La biologie synthétique représente une méthode nouvelle, légitime, scientifique; la synthèse appliquée à la biologie est une méthode féconde, inspiratrice de recherches ; le programme consistant à chercher à reproduire, en dehors des êtres vivants, chacun des phénomènes de la vie suggère immédiatement un nombre infini d'expériences, c'est une direction pour l'activité. Les résultats, les faits exposés dans cet ouvrage : la reproduction des cellules artificielles, des structures, des tissus, des formes générales, des fonctions, de la circulation centripète et centrifuge, des mouvements et des figures de la karyokinèse, de la segmentation, des tropismes, tous ces résultats d'expérience et les expériences elles-mêmes seraient sans signification, sans intérêt, dépourvus de sens, si ces recherches n'étaient pas inspirées par l'imitation de la vie. C'est à l'analogie avec ce que l'on observe chez les êtres vivants que ces phénomènes doivent tout leur intérêt. Lorsqu'on est parvenu à reproduire, dans leur ordre régulier, la suite si compliquée de phénomènes, de mouvements, de formes et d'aspects qui constitue la karyokinèse, on a au moins établi que le mécanisme physique par lequel on obtient ce résultat suffit à produire ce phénomène, et qu'il y a présomption que le phénomène naturel, jusque-là mystérieux, est produit d une façon analogue.
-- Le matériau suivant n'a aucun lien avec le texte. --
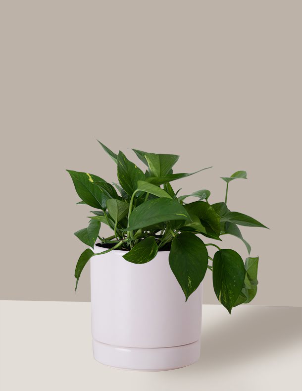 O Conjunto de vaso da Jiboia pequena tem aproximadamente 25 cm., e é indicado para quem quer uma planta mais minimalista na decoração.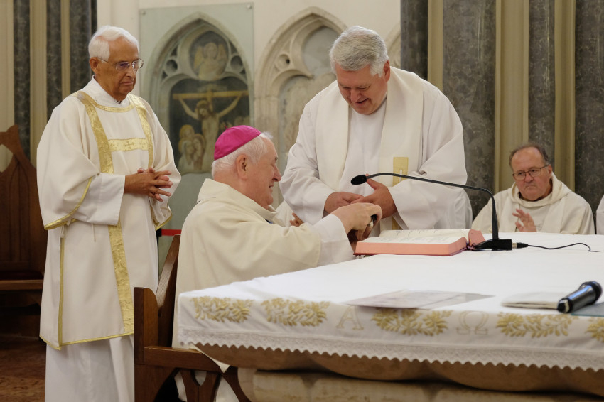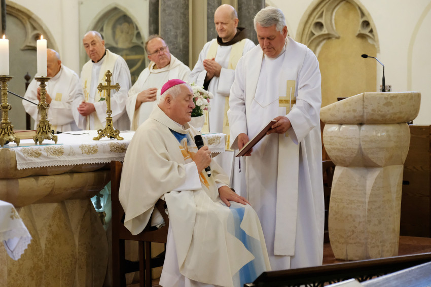 Bíró László megköszönte a kedves fogadtatást. Így fogalmazott: hazajött ebbe a templomba. Rengeteg gyönyörű élmény köti őt ide; örül a híveknek, a paptársaknak, akik egyre fiatalabbak lesznek.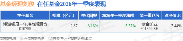 证券之星消息,日前博道睿见一年持有期混合基金公布一季报,2026年一季度最新规模2.37亿元,季度净值涨幅为-5.57%。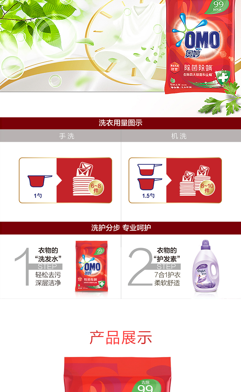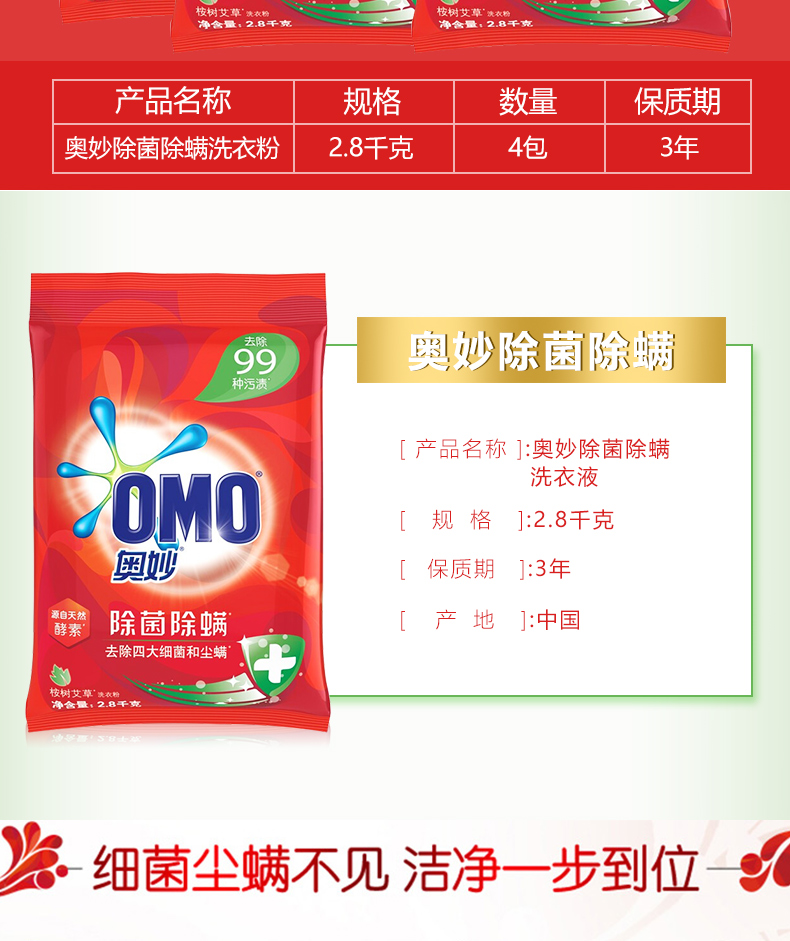 奥妙(OMO) 除菌除螨洗衣粉1800g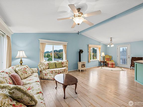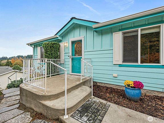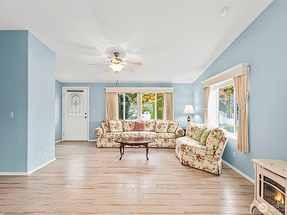 Welcome to Klahowya Estates, a highly sought after gated 55+ MH community in Tumwater. This well-maintained 2017 Skyline Westridge model is thoughtfully designed and just as cute as a button! The welcoming 1188sqft open floorplan includes hardwood floors, large primary bedroom with newly updated en-suite bath with walk-in shower, fresh interior paint throughout, gas range and fireplace, walk-in pantry, multiple storage closets and customizations. Sitting on a large corner lot in the upper portion of the park, the gorgeous landscaping provides colorful foliage to enjoy all year from your patio. Poured concrete walkways allow easy access to the property. Spacious 2-car garage with room for additional storage.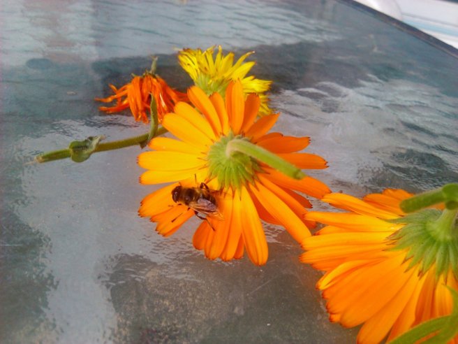 I was picking some of my last few calendula, and after I placed them on the table I realized there was a bee, cold, unmoving but still alive, on the underside of the petals.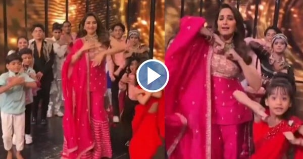 माधुरीने तिच्या अधिकृत इंस्टाग्राम अकाऊंटवरून एक व्हिडिओ शेअर केला आहे. या व्हिडिओमध्ये ती ‘डान्स दीवाने ३’ या शोमधील लहान स्पर्धकांसोबत डान्स करताना दिसत आहे. सगळेजण इंस्टाग्रामवरील एका ट्रेंडिंग म्युझिकवर डान्स करताना दिसत आहेत. या व्हिडिओमध्ये माधुरीने लाल रंगाचा ड्रेस घातलेला दिसत आहे. या ड्रेसवर तिने खूप सुंदर ज्वेलरी घातलेली दिसत आहे. या लूकध्येम ती खूप सुंदर दिसत आहे. याआधी देखील तिने या ड्रेसवरील फोटो आणि व्हिडिओ शेअर केले होते.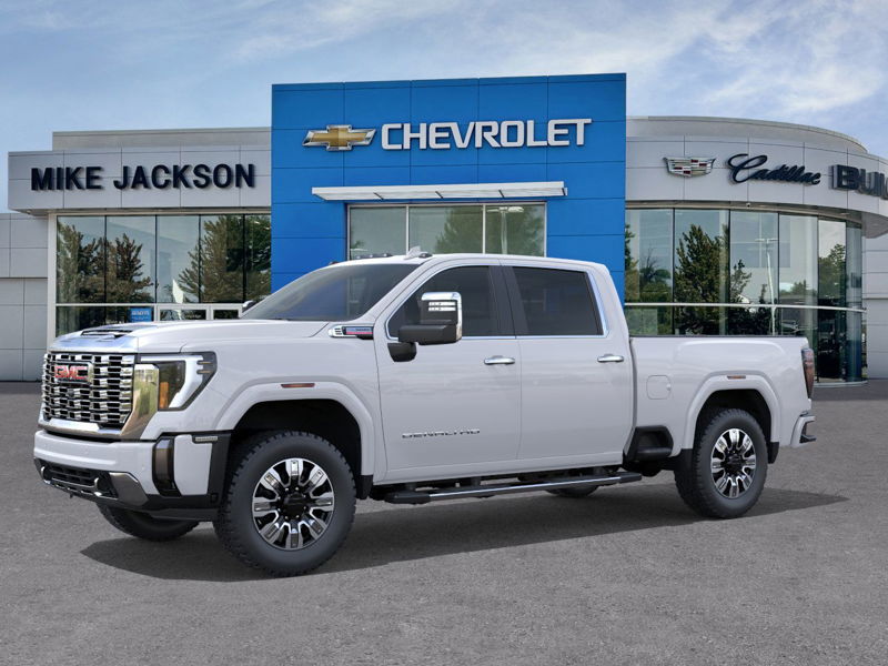 The 2025 GMC Sierra 2500HD Denali is a new, in-transit pickup featuring a Turbocharged Diesel V8 6.6L engine and a host of premium features. This Crew Cab model offers an extensive and personalized radio experience with SiriusXM's 360L, a 13.4" diagonal GMC Infotainment System with Google built-in apps, and a premium Bose Sound System. The interior includes heated front seats, ventilated front seats, heated rear seats, leather seats, and an Up-level front seat with storage. The vehicle features advanced safety features such as adaptive cruise control, lane departure warning, and a suite of driver assistance systems. The Sierra 2500HD Denali is designed for both heavy-duty work and luxury driving.

On dit parfois d'un phénomène reproduit physiquement que, par le fait même qu'il est ainsi reproduit, ce n'est pas un phénomène vital. Il faut alors dire que de l'alcool ou du sucre reproduits par synthèse, ne sont pas des substances organiques. A mesure que progresse la synthèse, le domaine de l'organique et du vital s'amoindrirait jusqu'à ce qu'il n'y ait plus rien ni d'organique, ni de vital, c'est-à-dire plus de vie ni d'êtres vivants. En réalité, tout phénomène manifesté par un être vivant est un phénomène vital, et, lorsqu'on est parvenu à le reproduire par les forces physiques, il ne cesse pas pour cela d'être vital, pas plus qu'une substance produite par les êtres vivants ne cesse d'être organique lorsqu'on parvient à la reproduire par synthèse chimique.

C`est la méthode synthétique, la reproduction par les forces physiques des phénomènes biologiques, qui doit contribuer le plus à nous donner la compréhension de la vie. On a de la science actuelle une opinion trop haute, lorsqu'on lit les traités de biologie, de physiologie et de médecine, on ne peut qu'admirer les descriptions et le travail que représentent les observations accumulées ; mais quand, l'esprit imprégné de physicisme, on lit les explications des phénomènes, on ne peut s'empêcher de les trouver souvent naïves. Ce que l'on sait du dynamisme, du cinétisme, des métamorphoses énergétiques dans les solutions en général, vivantes, organiques ou minérales, ce que l'on sait des actions organisatrices, morphogéniques, physiogéniques dans les liquides est insignifiant par rapport à ce qu'il y a à connaître, la moindre recherche expérimentale révèle une quantité de faits nouveaux. Il est vraiment déplorable que cette étude soit entravée par une inconcevable et absurde hostilité, car c'est de la connaissance de cette physique des liquides, de la connaissance des forces agissant dans les solutions organiques, de leurs lois, de leurs effets, que dépendent les progrès de la physiologie et de la médecine.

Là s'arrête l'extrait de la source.